В престольном граде славного Русского царства, в Москве белокаменной, жил боярин Матвей Андреев, человек богатый, умный, верный слуга царский и, по обычаю русских, великий хлебосол. Он владел многими поместьями и был не обидчиком, а покровителем и заступником своих бедных соседей, чему в наши просвещенные времена, может быть, не всякий поверит, но что в старину совсем не почиталось редкостию. Царь называл его правым глазом своим, и правый глаз никогда царя не обманывал. Когда ему надлежало разбирать важную тяжбу, он призывал к себе в помощь боярина Матвея, и боярин Матвей, кладя чистую руку на чистое сердце, говорил: «Сей прав (не по такому-то указу, состоявшемуся в таком-то году, но) по моей совести; сей виноват по моей совести» – и совесть его была всегда согласна с правдою и с совестью царскою. Дело решалось без замедления: правый подымал на небо слезящее око благодарности, указывая рукою на доброго государя и доброго боярина, а виноватый бежал в густые леса сокрыть стыд свой от человеков.
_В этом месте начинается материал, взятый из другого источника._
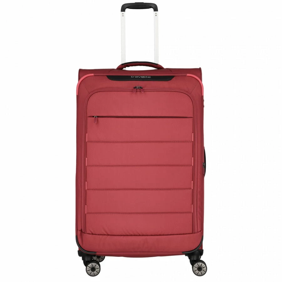 Mit einer Reißverschluss-Vortasche und seinem großen Hauptfach mit integrierten Packriemen, einem Reißverschlussfach, einer Mesh-Tasche sowie einem separatem Hemdenfach ist der optisch moderne Travelite Skaii Trolley für jede Reise gewappnet. Das im Korpus integrierte TSA-Zahlenschloss sorgt für Sicherheit, die Reißverschluss-Dehnfalte bei Bedarf für noch mehr Volumen. Transportiert wird der Travelite Skaii Trolley mithilfe der Handgriffe, der vier 360-Grad Doppelrollen und der mehrfach arretierbaren Trolleystange.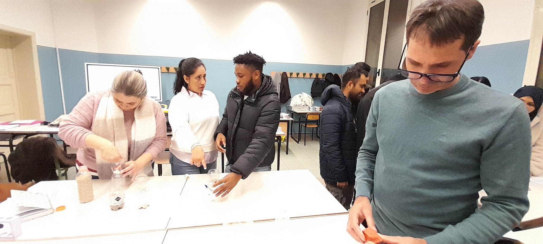 Después de recuperar fuerzas con un exquisito plato de pasta, nos hemos dirigido al CPIA. La tarde del viernes estaba dedicada al Cambio Climático. La profesora de Ciencias nos tenía preparado la realización del experimento “La Corsa dell’Acqua” con el objetivo de hacernos ver cómo se comporta el agua cuando llueve sobre los diversos tipos de terreno y cuándo provoca “il dissesto idrogeologico”. Acordamos que nuestros anfitriones trabajarían el agua fluvial y nosotros hablaríamos de nuestro mar compartido, el Mare Nostrum. La presentación la ha realizado nuestro alumnado en español e inglés. La presentación ha gustado mucho, nuestro alumnado ha sido felicitado con gran entusiasmo y cariño por nuestros anfitriones y el profesorado nos ha pedido compartir el trabajo realizado.

Еще не можем мы умолчать об одном похвальном обыкновении боярина Матвея, обыкновении, которое достойно подражания во всяком веке и во всяком царстве, а именно, в каждый дванадесятый праздник поставлялись длинные столы в его горницах, чистыми скатертьми накрытые, и боярин, сидя на лавке подле высоких ворот своих, звал к себе обедать всех мимоходящих бедных[5] людей, сколько их могло поместиться в жилище боярском; потом, собрав полное число, возвращался в дом и, указав место каждому гостю, садился сам между ними. Тут в одну минуту являлись на столах чаши и блюда, и ароматический пар горячего кушанья, как белое тонкое облако, вился над головами обедающих. Между тем хозяин ласково беседовал с гостями, узнавал их нужды, подавал им хорошие советы, предлагал свои услуги и наконец веселился с ними, как с друзьями. Так в древние патриархальные времена, когда век человеческий был не столь краток, почтенными сединами украшенный старец насыщался земными благами со многочисленным своим семейством – смотрел вокруг себя и, видя на всяком лице, во всяком взоре живое изображение любви и радости, восхищался в душе своей. После обеда все неимущие братья, наполнив вином свои чарки, восклицали в один голос: «Добрый, добрый боярин и отец наш! Мы пьем за твое здоровье! Сколько капель в наших чарках, столько лет живи благополучно!» Они пили, и благодарные слезы их капали на белую скатерть.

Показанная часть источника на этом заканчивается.